_Problem statement:_
Repeat every entry exactly as it stands. Omit the images.

_Records:_
----------------

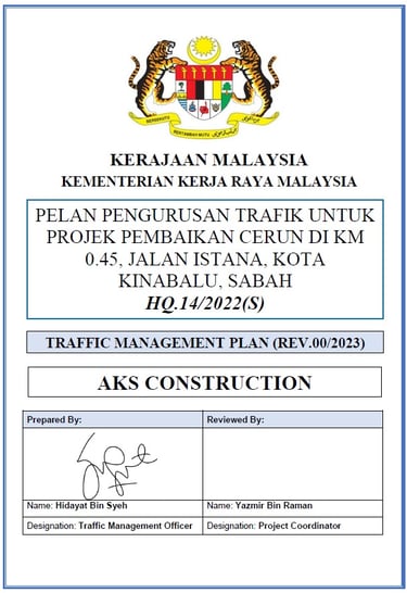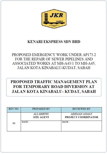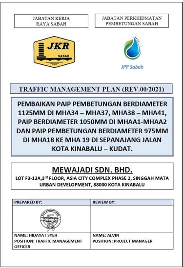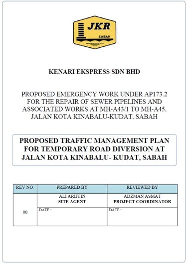Proposed Traffic Management Plan for ‘Proposed Emergency Work Under AP173.2 For Repair of Sewer Pipelines and Associated Works at MH-A43/1 to MH-A45, Jalan Kota Kinabalu-Kudat, Sabah.
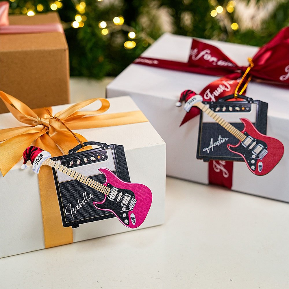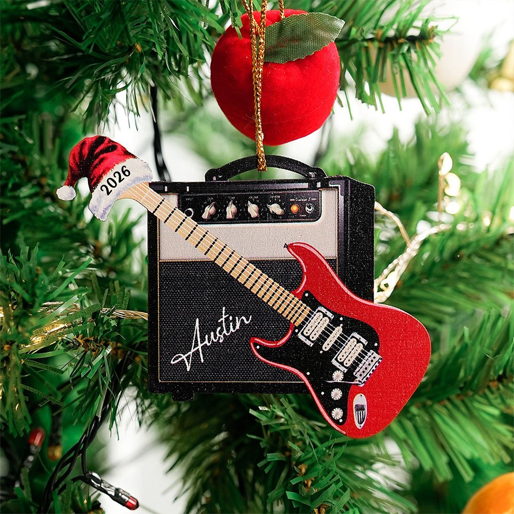 This unique 3D effect ornament features a vintage guitar and speaker, paired with a Santa hat, combining musical passion with festive cheer. You can personalize your name on the speaker and the year on the hat to create a heartfelt keepsake that captures the spirit of Christmas and the love of music.
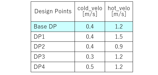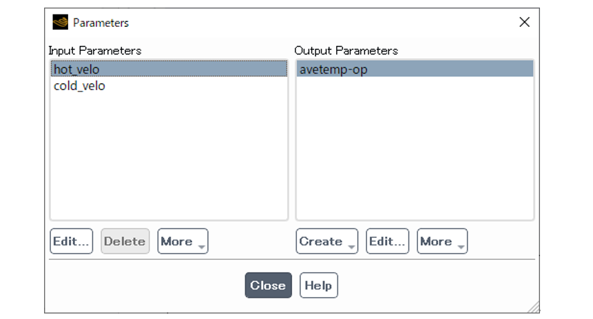 この解析では、高温流体の流入速度(hot_velo)、および低温流体の流入速度(cold_velo)を 入力パラメータとして変化させて、平均流出温度(avetemp)を出力パラメータとして評価します。
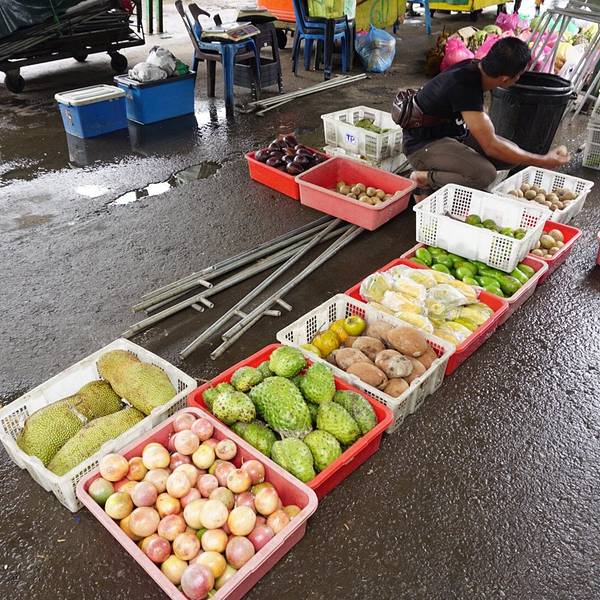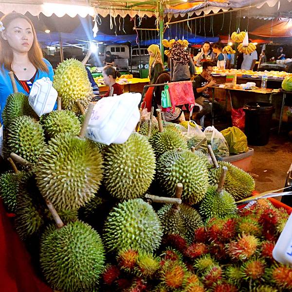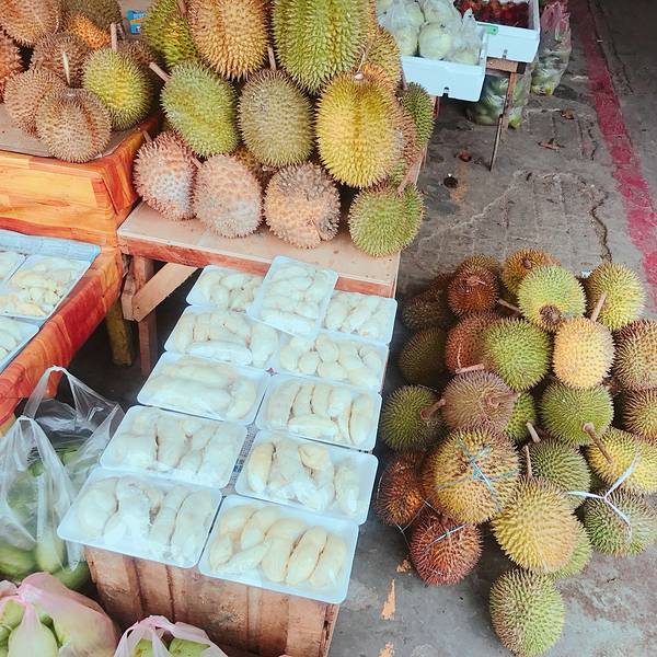 一路上都是提着端着过关、搭飞机、搭车,非常折腾。不过,一句话“千金难买我喜欢”,哈哈,任性就任性这一次吧。偷看我的小女孩我们到菜市场逛逛,准备买点水果。晚上七八点,他们的市场还是灯火通明,很是热闹。蛋蛋跟这个榴莲档的档主也很熟,档主挑了一个超级好吃的榴莲给我们。蛋蛋说,我们来的不是时候,现在是雨季,你们应该旱季再来一次,那时候的榴莲才又香又甜。
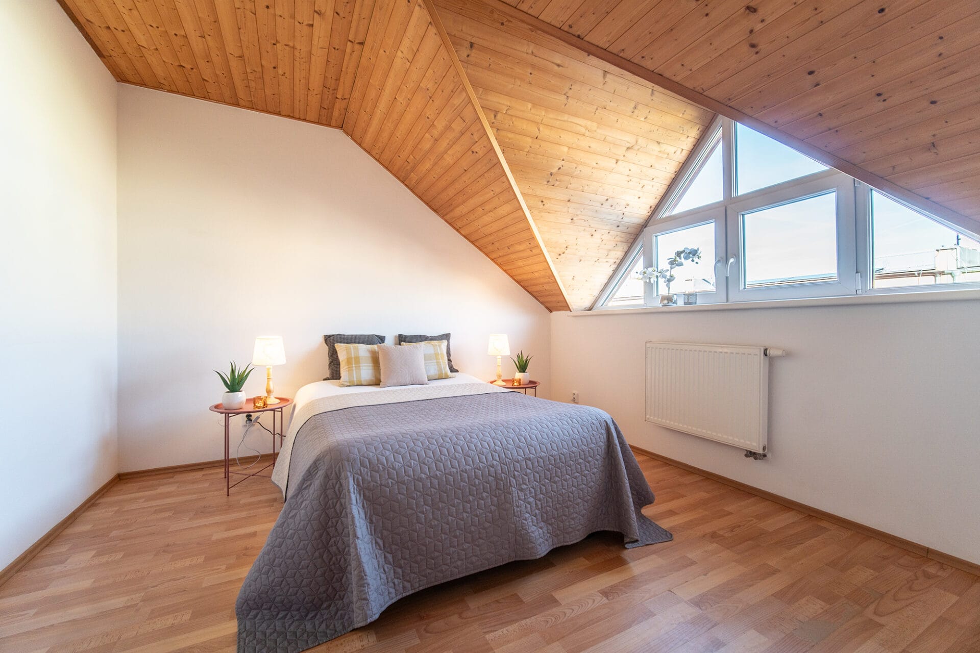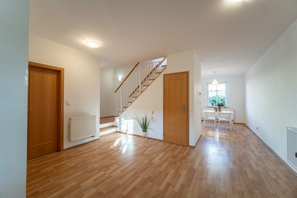 V celém domě jsou plastová okna, v obytných místnostech pokrývá podlahu plovoucí podlaha, v ostatních místnostech je dlažba. Vytápění a ohřev vody zajišťuje plynový kotel a bojler.

----------------

_Exercise output:_
Proposed Traffic Management Plan for ‘Proposed Emergency Work Under AP173.2 For Repair of Sewer Pipelines and Associated Works at MH-A43/1 to MH-A45, Jalan Kota Kinabalu-Kudat, Sabah.
 This unique 3D effect ornament features a vintage guitar and speaker, paired with a Santa hat, combining musical passion with festive cheer. You can personalize your name on the speaker and the year on the hat to create a heartfelt keepsake that captures the spirit of Christmas and the love of music.
 この解析では、高温流体の流入速度(hot_velo)、および低温流体の流入速度(cold_velo)を 入力パラメータとして変化させて、平均流出温度(avetemp)を出力パラメータとして評価します。
 一路上都是提着端着过关、搭飞机、搭车,非常折腾。不过,一句话“千金难买我喜欢”,哈哈,任性就任性这一次吧。偷看我的小女孩我们到菜市场逛逛,准备买点水果。晚上七八点,他们的市场还是灯火通明,很是热闹。蛋蛋跟这个榴莲档的档主也很熟,档主挑了一个超级好吃的榴莲给我们。蛋蛋说,我们来的不是时候,现在是雨季,你们应该旱季再来一次,那时候的榴莲才又香又甜。
 V celém domě jsou plastová okna, v obytných místnostech pokrývá podlahu plovoucí podlaha, v ostatních místnostech je dlažba. Vytápění a ohřev vody zajišťuje plynový kotel a bojler.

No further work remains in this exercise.